| The task |
Find the line containing "这是一张传统中国画文化传承与", then print it and each line after it through the end of the listing exactly, with no pictures.

| Dataset extract |
⟨

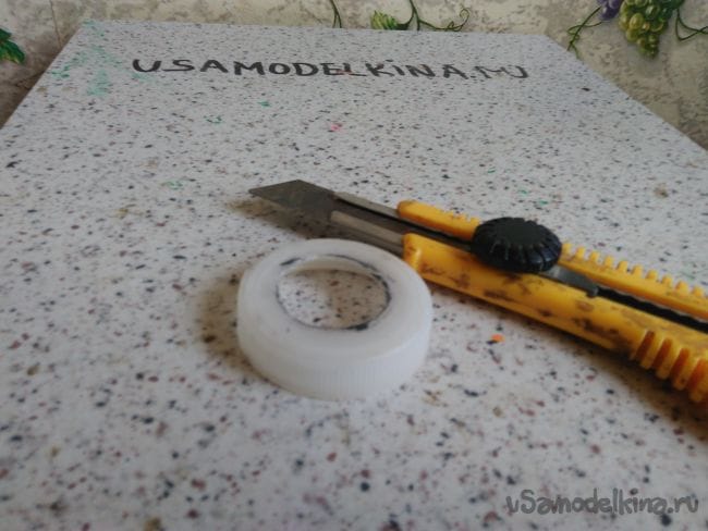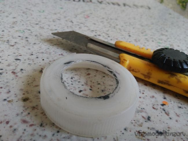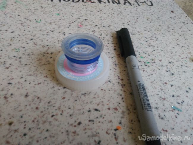И по нему по кругу маркером я отметил на большой крышке будущее отверстие.
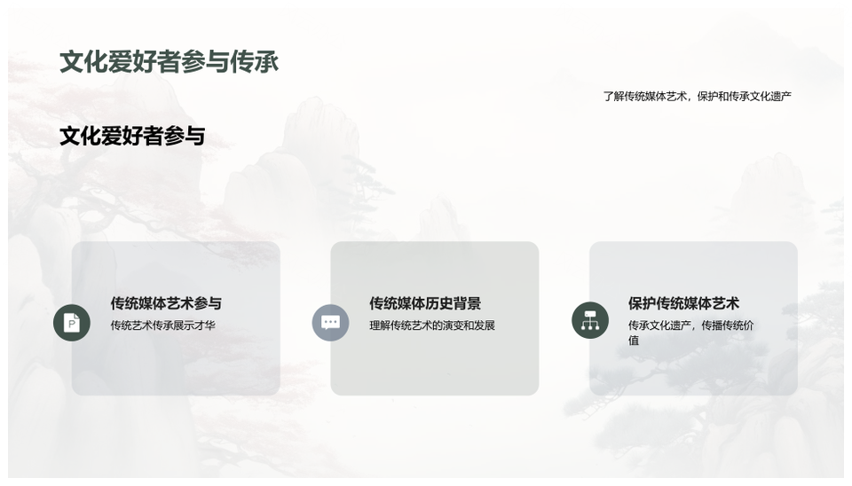 这是一张传统中国画文化传承与艺术教育课堂PPT模板,包含传统、中国画、文化、传承、艺术、教育、课堂等主题内容,也可用作传统中国画文化传承艺术教育、中国画文化传承艺术教育课堂、传统中国画艺术教育课堂、传统中国画文化传承、中国画文化传承艺术教育、文化传承艺术教育课堂、传统中国画艺术教育、中国画艺术教育课堂、传统文化传承艺术教育、传统中国画、中国画文化传承、文化传承艺术教育、艺术教育课堂、传统艺术教育、中国画艺术教育等PPT场景使用。
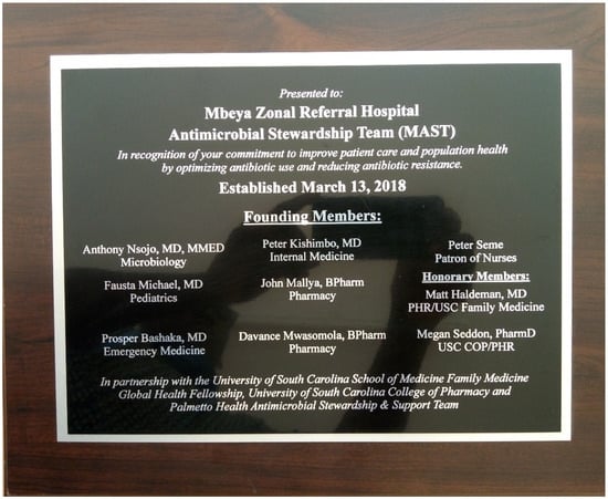 Hall JW, Bouchard J, Bookstaver PB, Haldeman MS, Kishimbo P, Mbwanji G, Mwakyula I, Mwasomola D, Seddon M, Shaffer M, et al. The Mbeya Antimicrobial Stewardship Team: Implementing Antimicrobial Stewardship at a Zonal-Level Hospital in Southern Tanzania. Pharmacy. 2020; 8(2):107. https://doi.org/10.3390/pharmacy8020107
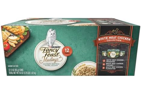 | Included Components | Twelve (12) 3 oz. Cans - Purina Fancy Feast Wet Cat Food Variety Pack, Medleys White Meat Chicken in Sauce Collection |

⟩

| Task result |
 这是一张传统中国画文化传承与艺术教育课堂PPT模板,包含传统、中国画、文化、传承、艺术、教育、课堂等主题内容,也可用作传统中国画文化传承艺术教育、中国画文化传承艺术教育课堂、传统中国画艺术教育课堂、传统中国画文化传承、中国画文化传承艺术教育、文化传承艺术教育课堂、传统中国画艺术教育、中国画艺术教育课堂、传统文化传承艺术教育、传统中国画、中国画文化传承、文化传承艺术教育、艺术教育课堂、传统艺术教育、中国画艺术教育等PPT场景使用。
 Hall JW, Bouchard J, Bookstaver PB, Haldeman MS, Kishimbo P, Mbwanji G, Mwakyula I, Mwasomola D, Seddon M, Shaffer M, et al. The Mbeya Antimicrobial Stewardship Team: Implementing Antimicrobial Stewardship at a Zonal-Level Hospital in Southern Tanzania. Pharmacy. 2020; 8(2):107. https://doi.org/10.3390/pharmacy8020107
 | Included Components | Twelve (12) 3 oz. Cans - Purina Fancy Feast Wet Cat Food Variety Pack, Medleys White Meat Chicken in Sauce Collection |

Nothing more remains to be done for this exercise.